• _EXERCISE_:
When you copy the material below, keep every line exact and drop the pictures.

• _DATA EXCERPT_:
-----

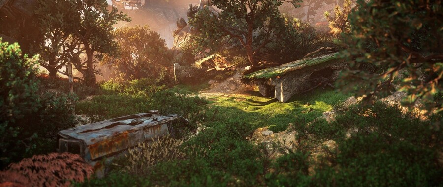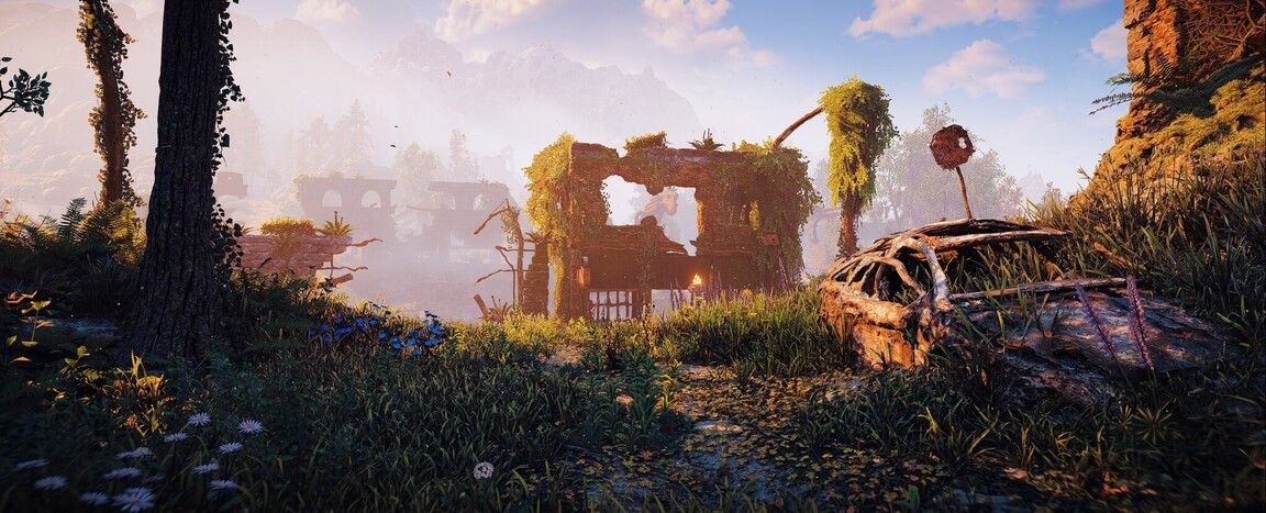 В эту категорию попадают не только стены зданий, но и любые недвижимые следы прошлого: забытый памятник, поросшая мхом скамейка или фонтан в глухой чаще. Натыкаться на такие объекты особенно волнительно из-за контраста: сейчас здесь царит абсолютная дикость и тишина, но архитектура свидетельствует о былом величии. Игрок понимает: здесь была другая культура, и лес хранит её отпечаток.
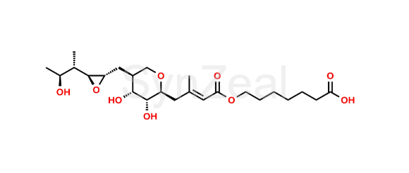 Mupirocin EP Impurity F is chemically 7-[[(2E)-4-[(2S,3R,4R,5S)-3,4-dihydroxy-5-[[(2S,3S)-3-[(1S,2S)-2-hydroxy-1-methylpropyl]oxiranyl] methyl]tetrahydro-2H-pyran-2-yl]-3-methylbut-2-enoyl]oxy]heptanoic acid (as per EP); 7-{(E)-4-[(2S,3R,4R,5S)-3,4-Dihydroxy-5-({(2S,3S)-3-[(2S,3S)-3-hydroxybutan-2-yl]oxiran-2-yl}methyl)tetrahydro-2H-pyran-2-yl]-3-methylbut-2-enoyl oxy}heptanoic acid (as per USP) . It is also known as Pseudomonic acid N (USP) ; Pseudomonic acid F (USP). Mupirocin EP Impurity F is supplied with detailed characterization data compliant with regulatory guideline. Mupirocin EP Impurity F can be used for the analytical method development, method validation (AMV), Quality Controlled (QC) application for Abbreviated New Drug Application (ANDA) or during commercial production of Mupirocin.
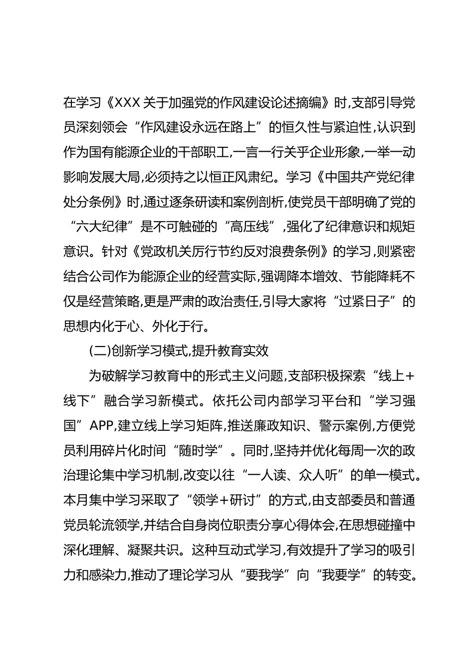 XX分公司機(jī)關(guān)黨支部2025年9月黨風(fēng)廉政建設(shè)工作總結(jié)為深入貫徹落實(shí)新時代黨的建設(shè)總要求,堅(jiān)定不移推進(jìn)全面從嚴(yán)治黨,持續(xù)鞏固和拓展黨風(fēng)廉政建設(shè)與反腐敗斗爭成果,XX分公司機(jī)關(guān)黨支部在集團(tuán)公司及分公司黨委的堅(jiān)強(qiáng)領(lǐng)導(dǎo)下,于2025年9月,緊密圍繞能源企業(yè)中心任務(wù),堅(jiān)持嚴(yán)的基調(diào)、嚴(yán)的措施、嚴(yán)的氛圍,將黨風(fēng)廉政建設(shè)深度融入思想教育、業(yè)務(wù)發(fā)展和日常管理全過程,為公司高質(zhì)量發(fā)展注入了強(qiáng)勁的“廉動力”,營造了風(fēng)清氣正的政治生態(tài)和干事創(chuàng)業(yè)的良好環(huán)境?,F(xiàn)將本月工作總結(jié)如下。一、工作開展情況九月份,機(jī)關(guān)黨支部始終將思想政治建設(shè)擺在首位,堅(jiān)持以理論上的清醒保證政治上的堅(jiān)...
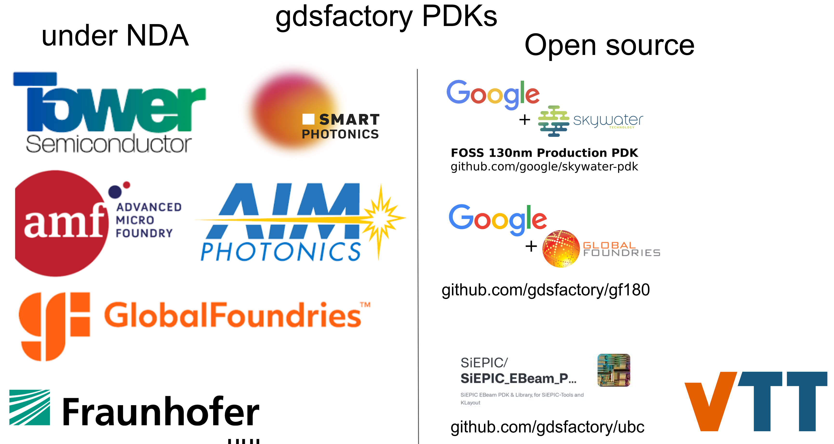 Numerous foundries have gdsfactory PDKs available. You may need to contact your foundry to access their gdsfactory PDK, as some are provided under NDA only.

-----

• _ANSWER BOX_:
 В эту категорию попадают не только стены зданий, но и любые недвижимые следы прошлого: забытый памятник, поросшая мхом скамейка или фонтан в глухой чаще. Натыкаться на такие объекты особенно волнительно из-за контраста: сейчас здесь царит абсолютная дикость и тишина, но архитектура свидетельствует о былом величии. Игрок понимает: здесь была другая культура, и лес хранит её отпечаток.
 Mupirocin EP Impurity F is chemically 7-[[(2E)-4-[(2S,3R,4R,5S)-3,4-dihydroxy-5-[[(2S,3S)-3-[(1S,2S)-2-hydroxy-1-methylpropyl]oxiranyl] methyl]tetrahydro-2H-pyran-2-yl]-3-methylbut-2-enoyl]oxy]heptanoic acid (as per EP); 7-{(E)-4-[(2S,3R,4R,5S)-3,4-Dihydroxy-5-({(2S,3S)-3-[(2S,3S)-3-hydroxybutan-2-yl]oxiran-2-yl}methyl)tetrahydro-2H-pyran-2-yl]-3-methylbut-2-enoyl oxy}heptanoic acid (as per USP) . It is also known as Pseudomonic acid N (USP) ; Pseudomonic acid F (USP). Mupirocin EP Impurity F is supplied with detailed characterization data compliant with regulatory guideline. Mupirocin EP Impurity F can be used for the analytical method development, method validation (AMV), Quality Controlled (QC) application for Abbreviated New Drug Application (ANDA) or during commercial production of Mupirocin.
 XX分公司機(jī)關(guān)黨支部2025年9月黨風(fēng)廉政建設(shè)工作總結(jié)為深入貫徹落實(shí)新時代黨的建設(shè)總要求,堅(jiān)定不移推進(jìn)全面從嚴(yán)治黨,持續(xù)鞏固和拓展黨風(fēng)廉政建設(shè)與反腐敗斗爭成果,XX分公司機(jī)關(guān)黨支部在集團(tuán)公司及分公司黨委的堅(jiān)強(qiáng)領(lǐng)導(dǎo)下,于2025年9月,緊密圍繞能源企業(yè)中心任務(wù),堅(jiān)持嚴(yán)的基調(diào)、嚴(yán)的措施、嚴(yán)的氛圍,將黨風(fēng)廉政建設(shè)深度融入思想教育、業(yè)務(wù)發(fā)展和日常管理全過程,為公司高質(zhì)量發(fā)展注入了強(qiáng)勁的“廉動力”,營造了風(fēng)清氣正的政治生態(tài)和干事創(chuàng)業(yè)的良好環(huán)境?,F(xiàn)將本月工作總結(jié)如下。一、工作開展情況九月份,機(jī)關(guān)黨支部始終將思想政治建設(shè)擺在首位,堅(jiān)持以理論上的清醒保證政治上的堅(jiān)...
 Numerous foundries have gdsfactory PDKs available. You may need to contact your foundry to access their gdsfactory PDK, as some are provided under NDA only.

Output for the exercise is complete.